Automatic Clustering of Gene Ontology by Genetic Algorithm
Commenced in January 2007
Frequency: Monthly
Edition: International
Paper Count: 33122
Automatic Clustering of Gene Ontology by Genetic Algorithm

Authors: Razib M. Othman, Safaai Deris, Rosli M. Illias, Zalmiyah Zakaria, Saberi M. Mohamad

Abstract:

Nowadays, Gene Ontology has been used widely by many researchers for biological data mining and information retrieval, integration of biological databases, finding genes, and incorporating knowledge in the Gene Ontology for gene clustering. However, the increase in size of the Gene Ontology has caused problems in maintaining and processing them.

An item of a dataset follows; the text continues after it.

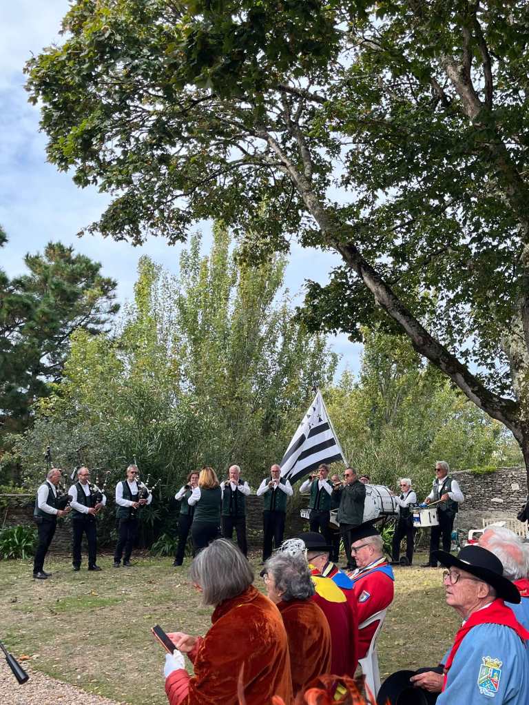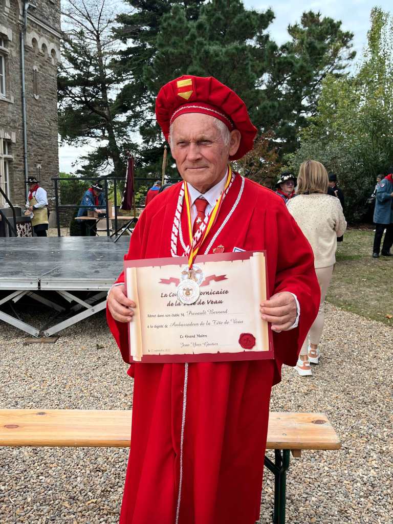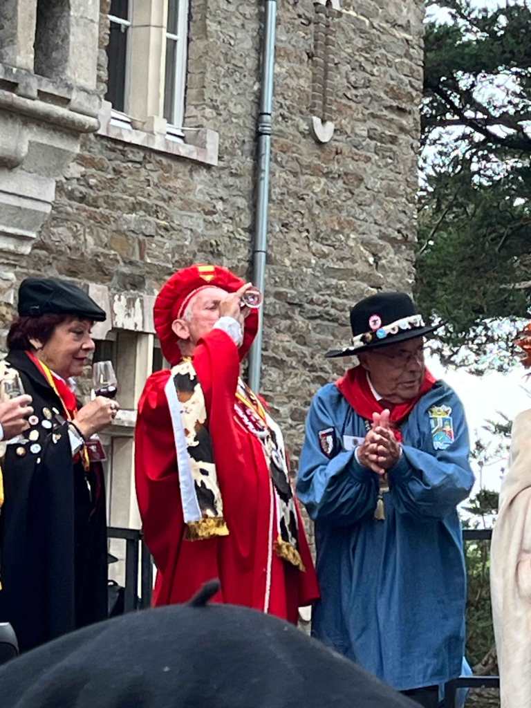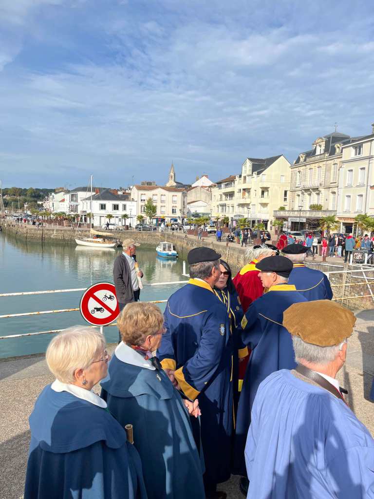 Ce samedi 27 septembre, la Confrérie de la Tête de Veau Pornicaise célébrait son 12ème chapitre. Elle se compose de 55 veaux. Après un très appétissant petit déjeuner terre et mer, nous sommes partis en bus , direction Pornic. Nous avons déambulé le long du port et sur la Ria où la présentation des 28 Confréries a été faite. Nous avons continué notre balade direction le château, toujours sous la conduite musicale du Bagad de la presqu’île. Dans la cour du château, 16 intronisations ont été faites , dont 1 veau d’or ( haut grade ). Retour à La salle des fêtes du Clion sur mer pour un repas de gala avec ambiance musicale.
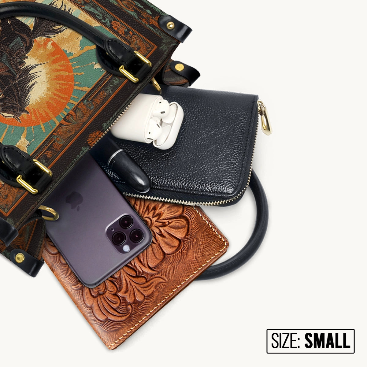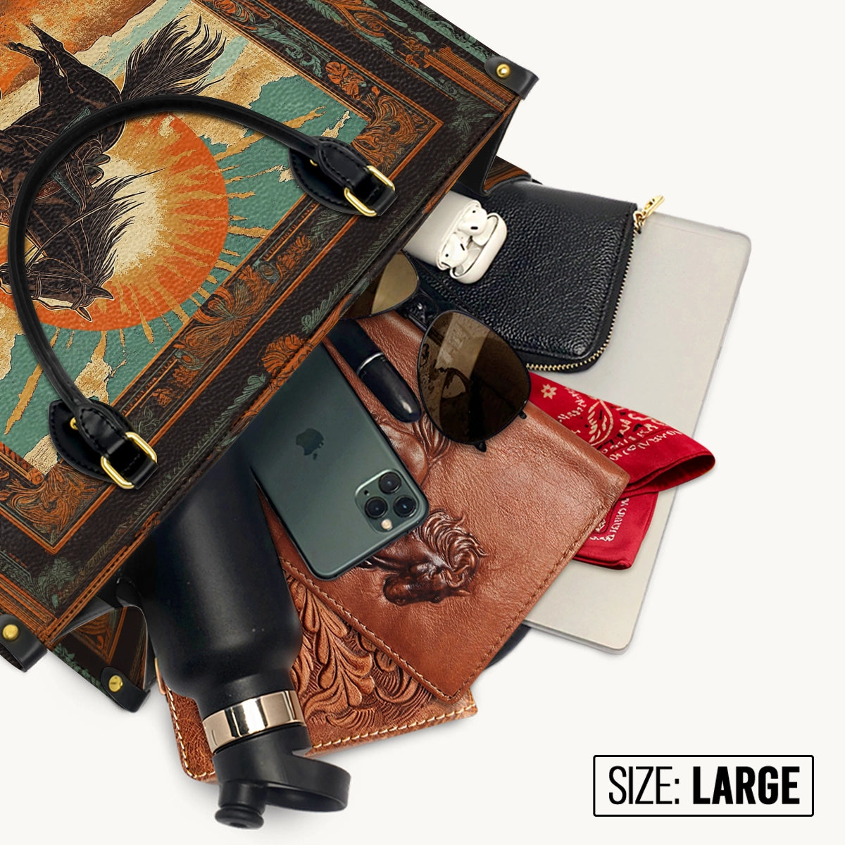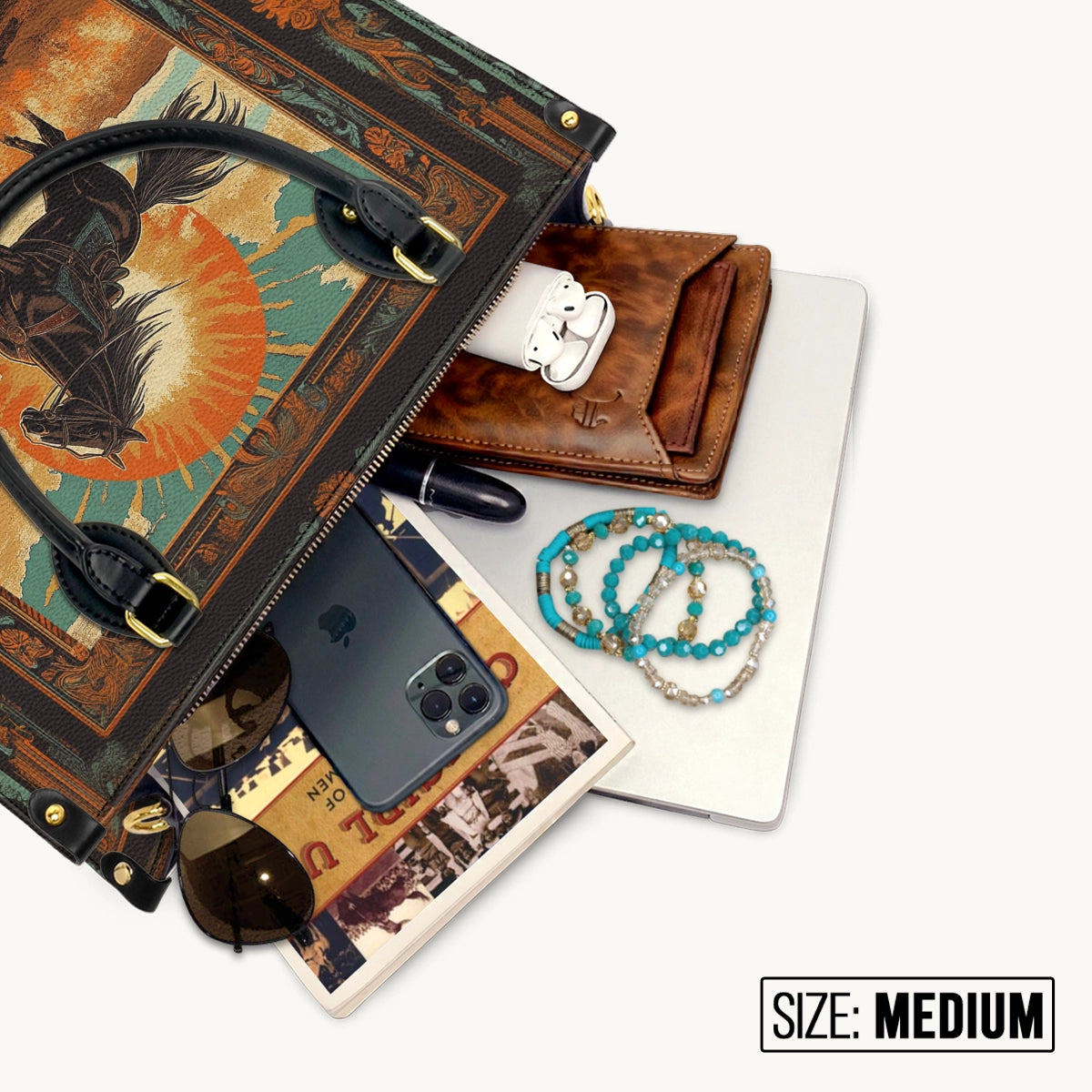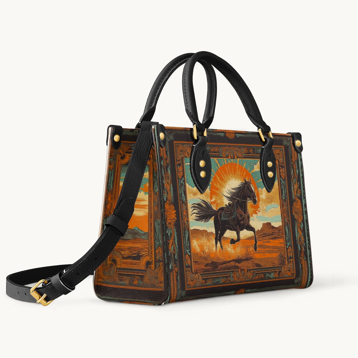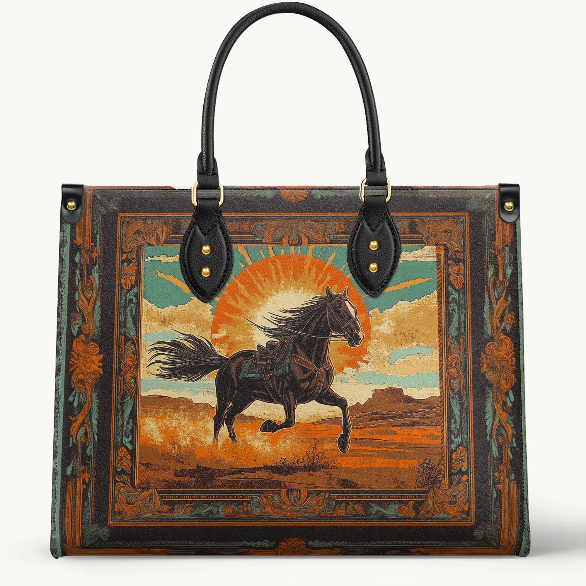 Desert Storm Horse gallops through the heart of the wild - a powerful symbol of untamed freedom and firelit strength. Set against a blazing Western sunset, the black stallion surges forward, kicking up dust beneath a sky streaked with gold and turquoise. Ornate vintage borders frame the scene like a painting of rebellion and grace. This bag is made for women who carry the West in their soul and never let the winds tame their stride.

One way to obtain their accessibility is by clustering them into fragmented groups. Clustering the Gene Ontology is a difficult combinatorial problem and can be modeled as a graph partitioning problem. Additionally, deciding the number k of clusters to use is not easily perceived and is a hard algorithmic problem. Therefore, an approach for solving the automatic clustering of the Gene Ontology is proposed by incorporating cohesion-and-coupling metric into a hybrid algorithm consisting of a genetic algorithm and a split-and-merge algorithm. Experimental results and an example of modularized Gene Ontology in RDF/XML format are given to illustrate the effectiveness of the algorithm.

Keywords: Automatic clustering, cohesion-and-coupling metric, gene ontology; genetic algorithm, split-and-merge algorithm.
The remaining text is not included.